The SampleSuccGauss() modification is based on performing the UKI quadratures over the successful sigma points. Consider the set of off-center sigma points $\{\hat{\theta}\} = \{\hat{\theta}_s\} \cup \{\hat{\theta}_f\}$ where $\hat{\theta}_{s}^{(j)}$, $j=1, \dots, J_s$ are successful members and $\hat{\theta}_{f}^{(k)}$ are not. For ease of notation, consider an ordering of $\{\hat{\theta}\}$ such that $\{\hat{\theta}_s\}$ are its first $J_s$ elements, and note that we deal with the central point $\hat{\theta}^{(0)}$ separately. We estimate the covariances $\mathrm{Cov}_q(\mathcal{G}_n, \mathcal{G}_n)$ and $\mathrm{Cov}_q(\theta_{n}, \mathcal{G}_n)$ from the successful ensemble,

\[ \tag{1} \mathrm{Cov}_q(\theta_n, \mathcal{G}_n) \approx \sum_{j=1}^{J_s}w_{s,j} (\hat{\theta}_{s, n}^{(j)} - \bar{\theta}_{s,n})(\mathcal{G}(\hat{\theta}_{s, n}^{(j)}) - \bar{\mathcal{G}}_{s,n})^T,\]

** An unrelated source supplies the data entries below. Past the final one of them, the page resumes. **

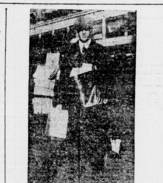
Here is a Seattle worker who sells 50 copies of the Daily Worker every day on Seattle streets. Workers can always buy the Daily Worker at 4th Ave. and Pike Streets and Third Ave. and Pike Street.

Connecticut added 79 readers during the five days recorded. This is the highest increase. Detroit came next with an increase of 56. Seat-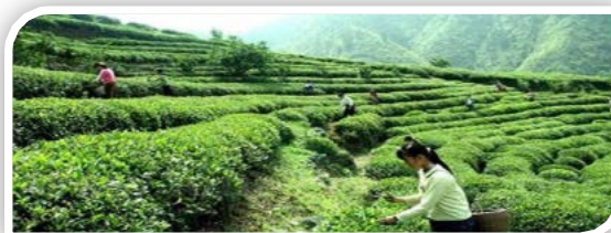
Longjing Green Tea Plantation

Renaissance Shanghai Putuo Hotel (5-star) No.50 Tongchuan Road, Putuo Distric Phone: (0086-21-22195888)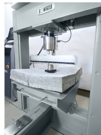
Energy absorption test to EN 14488-5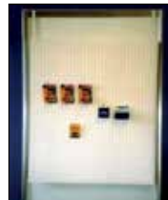
Small Pegboard 90 x 120 cm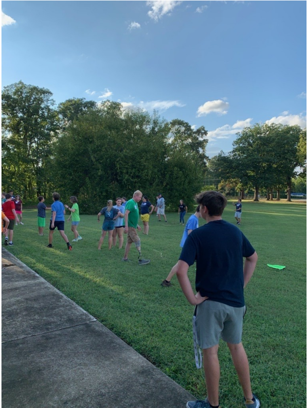
Water Balloons at West End Circuit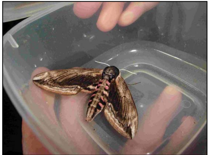
Privet Hawk Moth

Our largest resident hawk-moth, which is distributed in the southern half of Britain, and has distinctive pink and black barring on the body. This one flew into the office through an open window.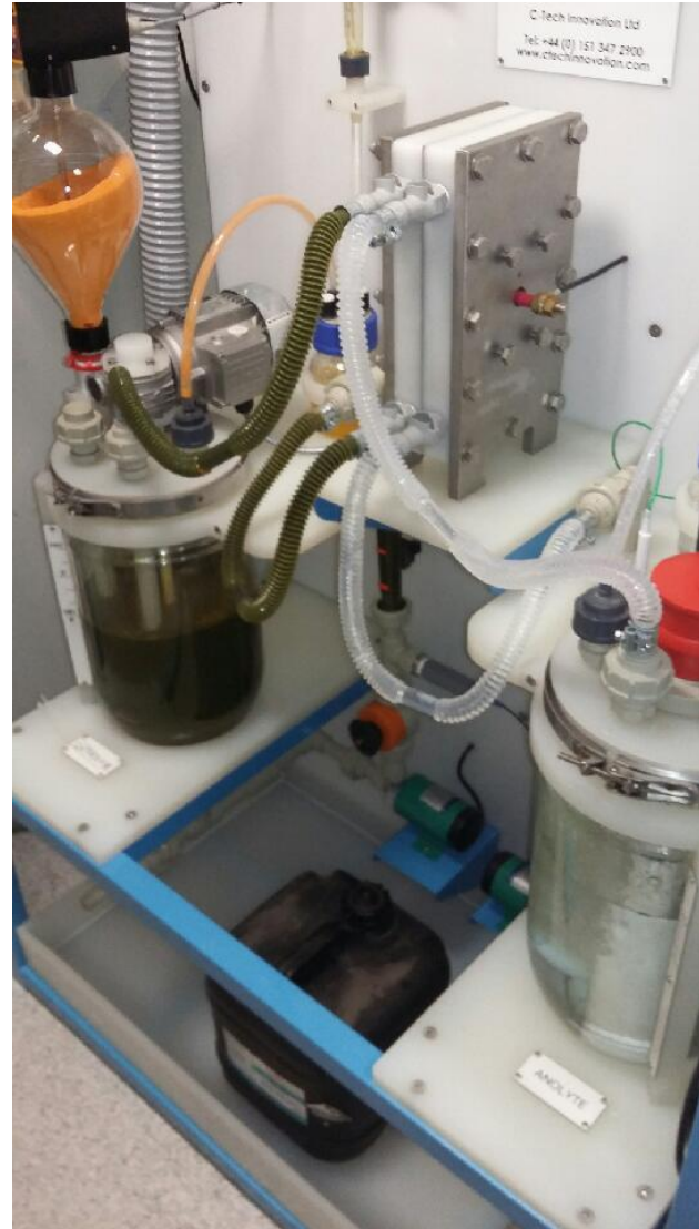
Figure 2: Electrolyte Pilot Plant. 99.6% V_2O_5 (orange), feeding AVL electrolyte balancing pilot plant

\[ \tag{2} \mathrm{Cov}_q(\mathcal{G}_n, \mathcal{G}_n) \approx \sum_{j=1}^{J_s}w_{s,j} (\mathcal{G}(\hat{\theta}_{s, n}^{(j)}) - \bar{\mathcal{G}}_{s,n})(\mathcal{G}(\hat{\theta}_{s, n}^{(j)}) - \bar{\mathcal{G}}_{s,n})^T,\]

where the weights at each successful sigma point are scaled up, to preserve the sum of weights,

\[ w_{s,j} = \left(\dfrac{\sum_{i=1}^{2p} w_i}{\sum_{k=1}^{J_s} w_k}\right)w_j.\]

In equations (1) and (2), the means $\bar{\theta}_{s,n}$ and $\bar{\mathcal{G}}_{s,n}$ must be modified from the original formulation if the central point $\hat{\theta}^{(0)}=m_n$ results in model failure. If this is the case, then an average is taken across the other (successful) ensemble members

\[ \bar{\theta}_{s,n} = \dfrac{1}{J_s}\sum_{j=1}^{J_s}\hat{\theta}_{s, n}^{(j)}, \qquad \bar{\mathcal{G}}_{s,n} = \dfrac{1}{J_s}\sum_{j=1}^{J_s}\mathcal{G}(\hat{\theta}_{s, n}^{(j)}).\]